Emily Mathieu
Stat Appl Genet Mol Biol. 2016 Apr;15(2):151-71. doi: 10.1515/sagmb-2015-0074.
Among the large of number of statistical methods that have been proposed to identify gene-gene interactions in case-control genome-wide association studies (GWAS), gene-based methods have recently grown in popularity as they confer advantage in both statistical power and biological interpretation. All of the gene-based methods jointly model the distribution of single nucleotide polymorphisms (SNPs) sets prior to the statistical test, leading to a limited power to detect sums of SNP-SNP signals. In this paper, we instead propose a gene-based method that first performs SNP-SNP interaction tests before aggregating the obtained p-values into a test at the gene level. Our method called AGGrEGATOr is based on a minP procedure that tests the significance of the minimum of a set of p-values. We use simulations to assess the capacity of AGGrEGATOr to correctly control for type-I error. The benefits of our approach in terms of statistical power and robustness to SNPs set characteristics are evaluated in a wide range of disease models by comparing it to previous methods. We also apply our method to detect gene pairs associated to rheumatoid arthritis (RA) on the GSE39428 dataset. We identify 13 potential gene-gene interactions and replicate one gene pair in the Wellcome Trust Case Control Consortium dataset at the level of 5%. We further test 15 gene pairs, previously reported as being statistically associated with RA or Crohn's disease (CD) or coronary artery disease (CAD), for replication in the Wellcome Trust Case Control Consortium dataset. We show that AGGrEGATOr is the only method able to successfully replicate seven gene pairs.

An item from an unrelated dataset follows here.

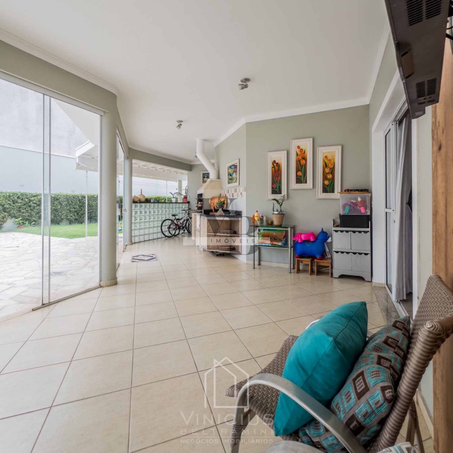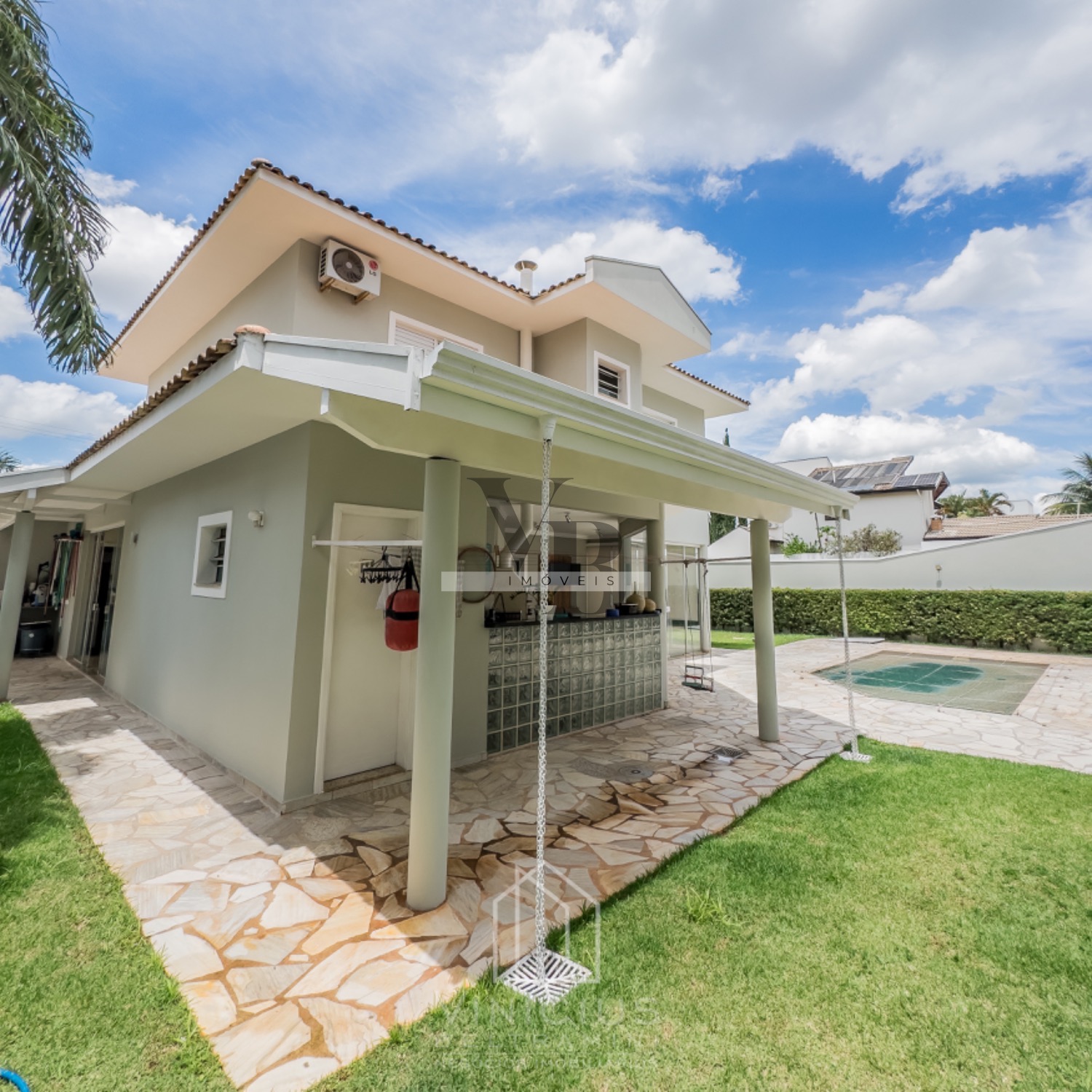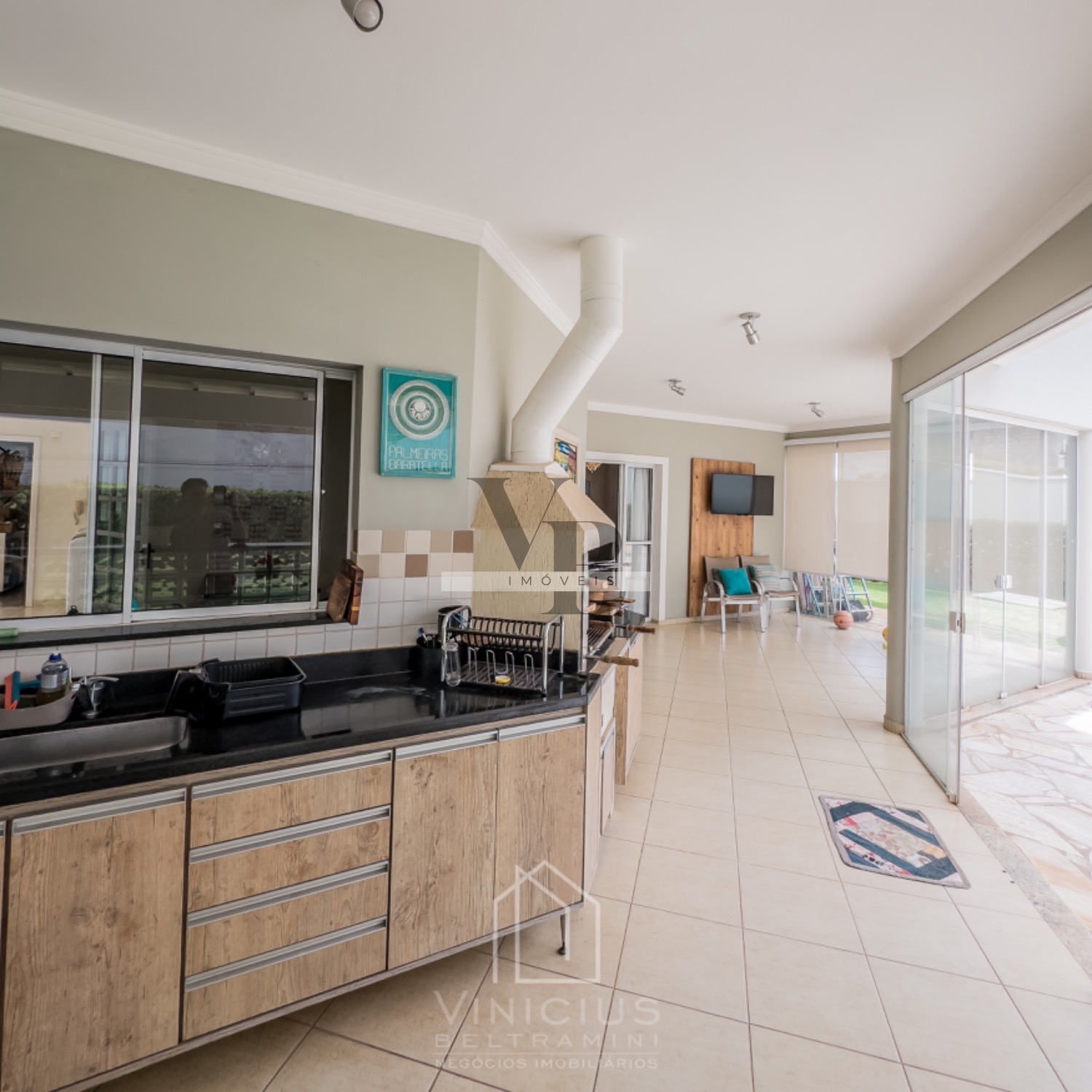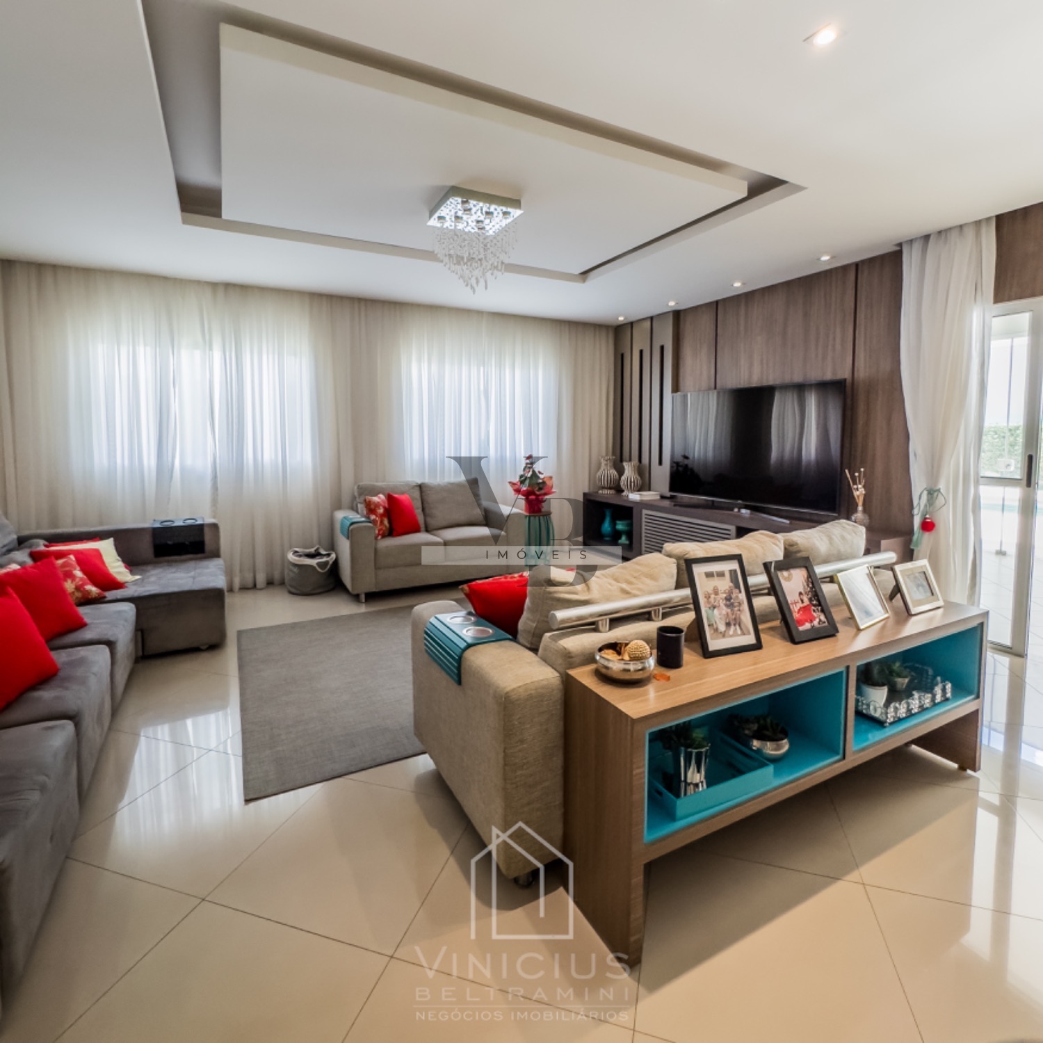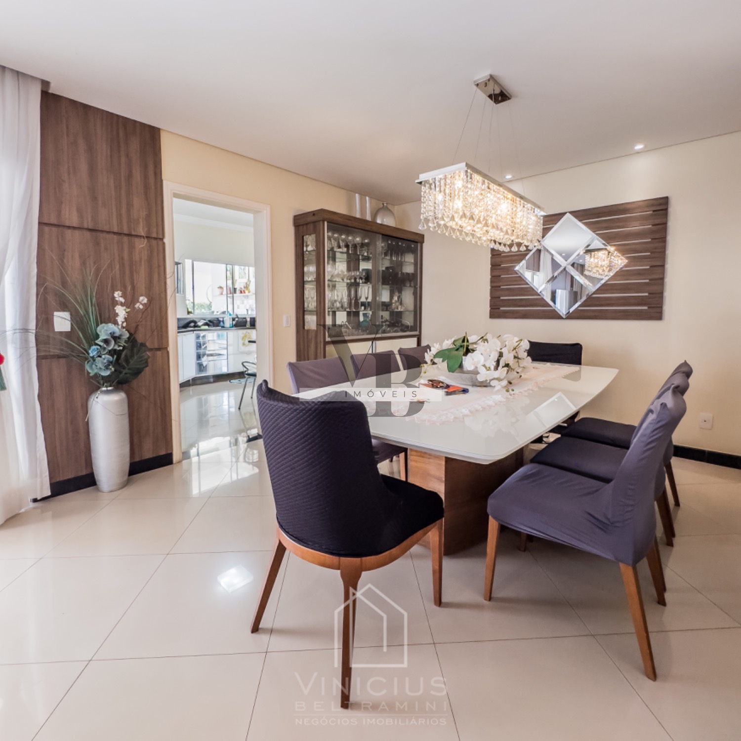onta com 4 dormitórios sendo, 1 suíte máster com banheira de hidromassagem e outras 2 suítes comuns. Living para 2 ambientes, escritório, lavabo, cozinha planejada com despensa, lavanderia. Espaço gourmet com churrasqueira. Amplo quintal com piscina e grama.

在众多为在病例对照全基因组关联研究(GWAS)中识别基因-基因相互作用而提出的统计方法中,基于基因的方法近来越来越受欢迎,因为它们在统计功效和生物学解释方面都具有优势。所有基于基因的方法在统计检验之前都会对单核苷酸多态性(SNP)集的分布进行联合建模,这导致检测SNP-SNP信号总和的能力有限。在本文中,我们提出了一种基于基因的方法,该方法首先进行SNP-SNP相互作用检验,然后将获得的p值汇总为基因水平的检验。我们的方法称为AGGrEGATOr,它基于一种minP程序,该程序用于检验一组p值中的最小值的显著性。我们使用模拟来评估AGGrEGATOr正确控制I型错误的能力。通过将我们的方法与以前的方法进行比较,在广泛的疾病模型中评估了我们的方法在统计功效和对SNP集特征的稳健性方面的优势。我们还将我们的方法应用于在GSE39428数据集上检测与类风湿性关节炎(RA)相关的基因对。我们识别出13个潜在的基因-基因相互作用,并在威康信托病例对照协会数据集以5%的水平重复了一对基因。我们进一步在威康信托病例对照协会数据集上测试了先前报道与RA或克罗恩病(CD)或冠状动脉疾病(CAD)有统计学关联的15对基因,以进行重复验证。我们表明AGGrEGATOr是唯一能够成功重复验证7对基因的方法。